Menu

Posts Tagged ‘management’

Simplifying rolling upgrades between minor versions with feature flags

Tuesday, April 23rd, 2019

In this post we will cover feature flags, a new subsystem in RabbitMQ 3.8. Feature flags will allow a rolling cluster upgrade to the next minor version, without requiring all nodes to be stopped before upgrading.

Minor Version Upgrades Today: RabbitMQ 3.6.x to 3.7.x

It you had to upgrade a cluster from RabbitMQ 3.6.x to 3.7.x, you probably had to use one of the following solutions:

  • Deploy a new cluster alongside the existing one (this strategy is known as the blue-green deployment), then migrate data & clients to the new cluster
  • Stop all nodes in the existing cluster, upgrade the last node that was stopped first, then continue upgrading all other nodes, one-by-one

Blue-green deployment strategy is low risk but also fairly complex to automate. On the other hand, a cluster-wide shutdown affects availability. Feature flags are meant to provide a 3rd option by making rolling cluster upgrades possible and reasonably easy to automate.

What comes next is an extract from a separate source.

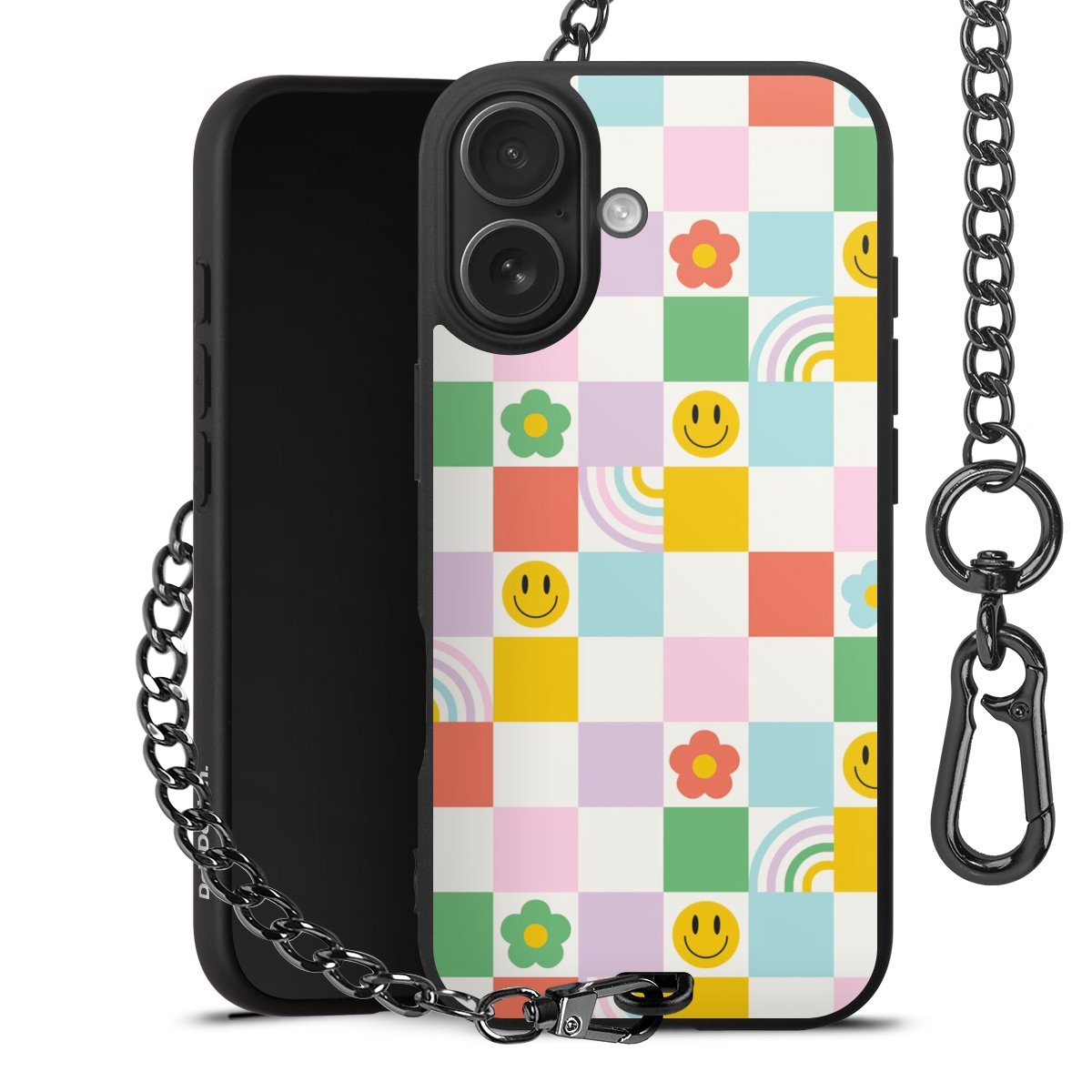 Die mattschwarze Silikon-Handyhülle besteht aus robustem TPU (thermoplastisches Polyurethan). Sie ist flexibel und schützt Dein Smartphone vor Stößen und Kratzern. Die Kette sowie der Karabinerhaken sind aus Metall in Gunmetal-Optik gefertigt. Für dieses Produkt kommen ausschließlich TÜV-geprüfte Materialien zum Einsatz.

The Feature Flags Subsystem

Feature flags indicate a RabbitMQ node's capabilities to its cluster peers. Previously nodes used versions to assess compatibility with cluster versions. There are many ways in which nodes in a distributed system can become incompatible, including Erlang and dependency versions. Many of those aspects are not reflected in a set of version numbers. Feature flags is a better approach as it can reflect more capabilities of a node, whether it is a particular feature or internal communication protocol revision. In fact, with some message protocols RabbitMQ supports clients have a mechanism for clients to indicate their capabilities. This allows client libraries to evolve and be upgraded independently of RabbitMQ nodes.

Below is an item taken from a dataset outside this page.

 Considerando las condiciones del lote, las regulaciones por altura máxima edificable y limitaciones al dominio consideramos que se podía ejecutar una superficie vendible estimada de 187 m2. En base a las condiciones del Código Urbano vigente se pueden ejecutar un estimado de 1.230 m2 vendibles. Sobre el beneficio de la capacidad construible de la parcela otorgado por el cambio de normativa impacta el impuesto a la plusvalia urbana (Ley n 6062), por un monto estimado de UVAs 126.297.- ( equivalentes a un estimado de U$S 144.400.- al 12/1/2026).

For example, RabbitMQ 3.8.0 introduces a new queue type, quorum queues. To implement them, an internal data structure and a database schema were modified. This impacts the communication with other nodes because the data structure is exchanged between nodes, and internal data store schema is replicated to all nodes.

Without the feature flags subsystem, it would be impossible to have a RabbitMQ 3.8.0 node inside a cluster where other nodes are running RabbitMQ 3.7.x. Indeed, the 3.7.x nodes would be unable to understand the data structure or the database schema from 3.8.0 node. The opposite is also true. That's why RabbitMQ today prevents this from happening by comparing versions and by denying clustering when versions are considered incompatible (the policy considers different minor/major versions to be incompatible).

New in RabbitMQ 3.8.0 is the feature flags subsystem: when a single node in a 3.7.x cluster is upgraded to 3.8.0 and restarted, it will not immediately enable the new features or migrate its database schema because the feature flags subsystem told it not to. It could determine this because RabbitMQ 3.7.x supports no feature flags at all, therefore new features or behaviours in RabbitMQ 3.8.0 cannot be used before all nodes in the cluster are upgraded.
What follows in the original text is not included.